Capi perverti
Ce fut seulement à la nuit tombante que nous rentrâmes cour du Lion-Rouge : nous passâmes toute notre journée à nous promener dans ce beau parc, en causant, après avoir déjeuné d’un morceau de pain que nous achetâmes.
Mon père était de retour à la maison et ma mère était debout : ni lui, ni elle, ne nous firent d’observations sur notre longue promenade ; ce fut seulement après le souper que mon père nous dit qu’il avait à nous parler à tous deux, à Mattia et à moi, et pour cela il nous fit venir devant la cheminée, ce qui nous valut un grognement du grand-père qui décidément était féroce pour garder sa part de feu.
— Dites-moi donc un peu comment vous gagniez votre vie en France ? demanda mon père.
Je fis le récit qu’il nous demandait.
— Ainsi vous n’avez jamais eu peur de mourir de faim ?
— Jamais ; non-seulement nous avons gagné notre vie, mais encore nous avons gagné de quoi acheter une vache, dit Mattia avec assurance.
Et à son tour il raconta l’acquisition de notre vache.
— Vous avez donc bien du talent ? demanda mon père ; montrez-moi un peu de quoi vous êtes capables.
Je pris ma harpe et jouai un air, mais ce ne fut pas ma chanson napolitaine.
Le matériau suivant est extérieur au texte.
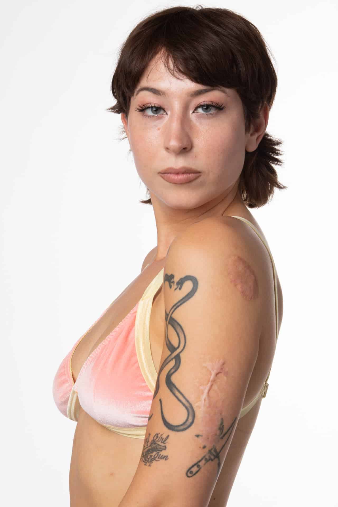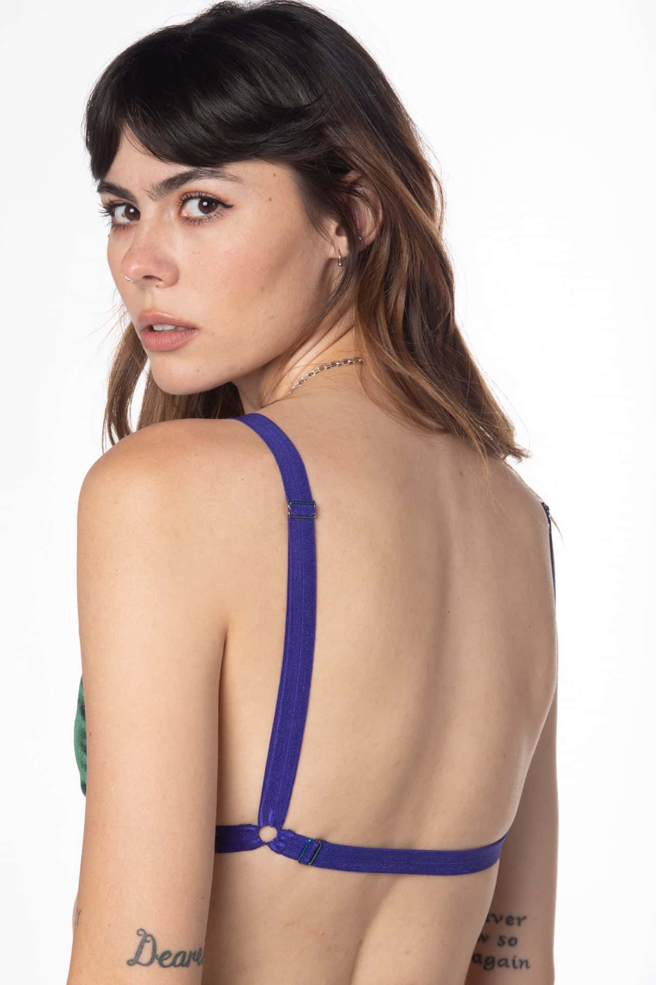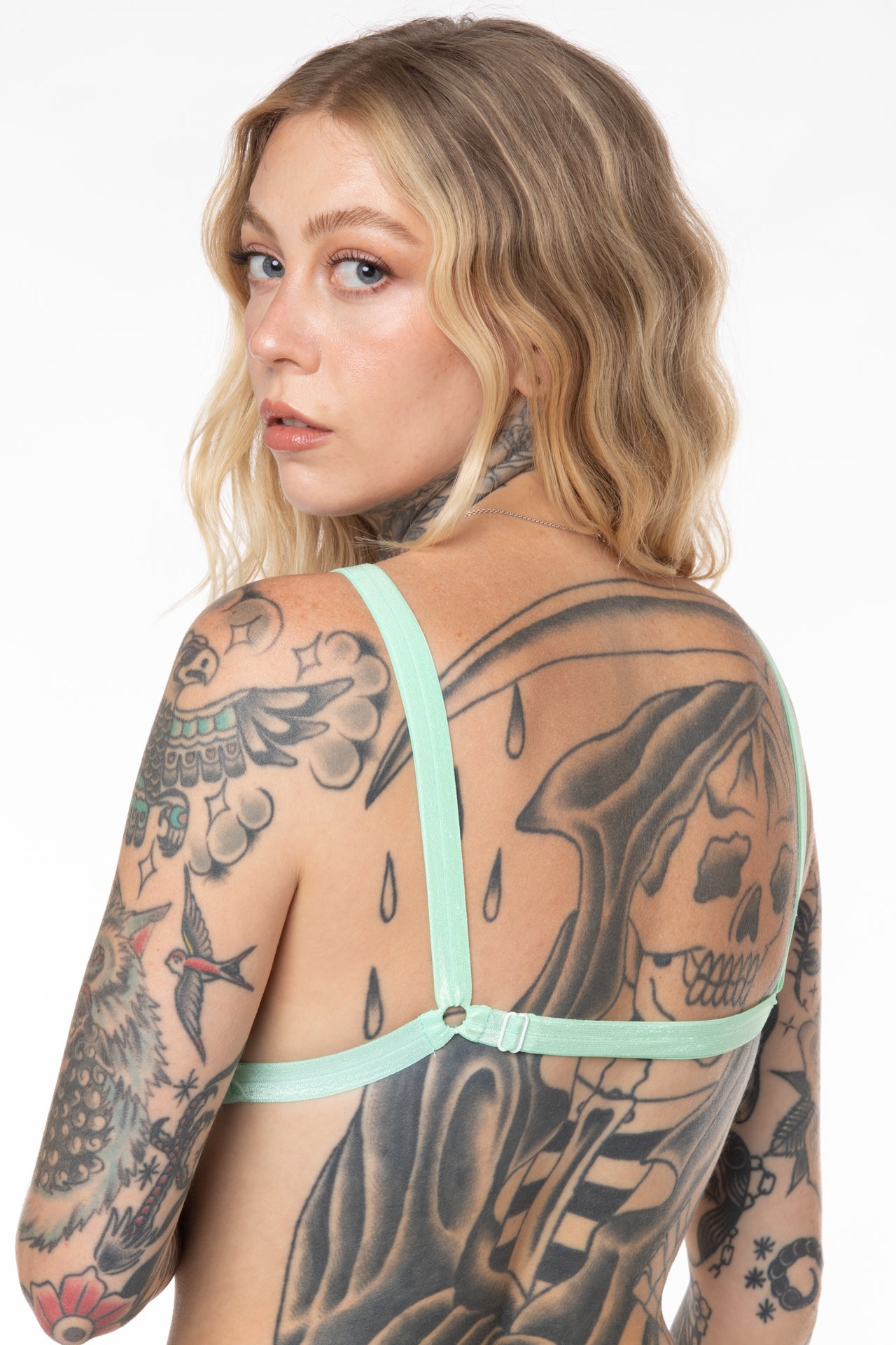 The bralette features a triangle cup made of our softest solid and printed stretch velvet, complete with a mesh lining for natural support. Additionally, the bralette includes fully adjustable shoulder and back straps to provide ultimate comfort and fit.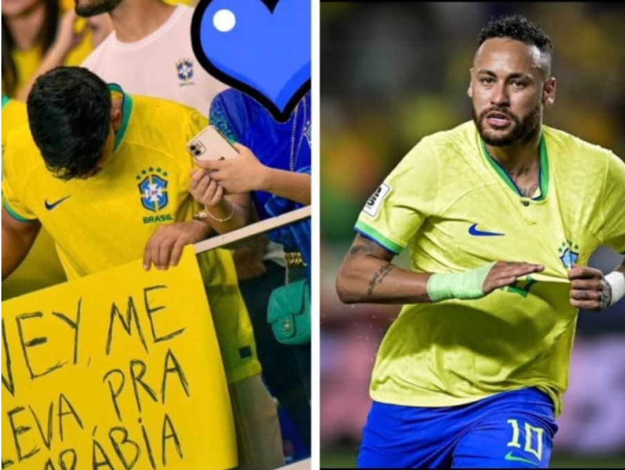 تداول نشطاء مواقع التواصل الاجتماعي صورة مؤثرة لأحد مشجعي منتخب البرازيل وهو يحمل لافتة توجه فيها بطلب إلى مواطنه لاعب الهلال السعودي نيمار دي سيلفا.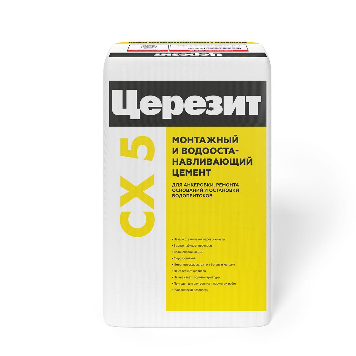 Цемент монтажный водоостанавливающий Церезит (Ceresit) CX 5, 25 кг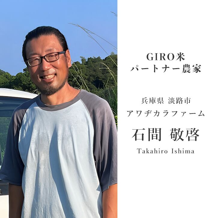 兵庫県淡路島の豊かな自然に囲まれた田園で、石間さんとGIRO米プロジェクトメンバーで丹精込めて育てた「GIRO米(旭一号)」。温暖な気候と海風に包まれた淡路島は、古くから良質なお米の産地として知られています。島の恵みと人の手が重なり合って生まれる、特別なお米です。

— Bien, bien, dit mon père, et Mattia que sait-il ? Mattia aussi joua un morceau de violon et un autre de cornet à piston.
Ce fut ce dernier qui provoqua les applaudissements des enfants, qui nous écoutaient rangés en cercle autour de nous.
— Et Capi ? demanda mon père, de quoi joue-t-il ? Je ne pense pas que c’est pour votre seul agrément que vous traînez un chien avec vous ; il doit être en état de gagner au moins sa nourriture.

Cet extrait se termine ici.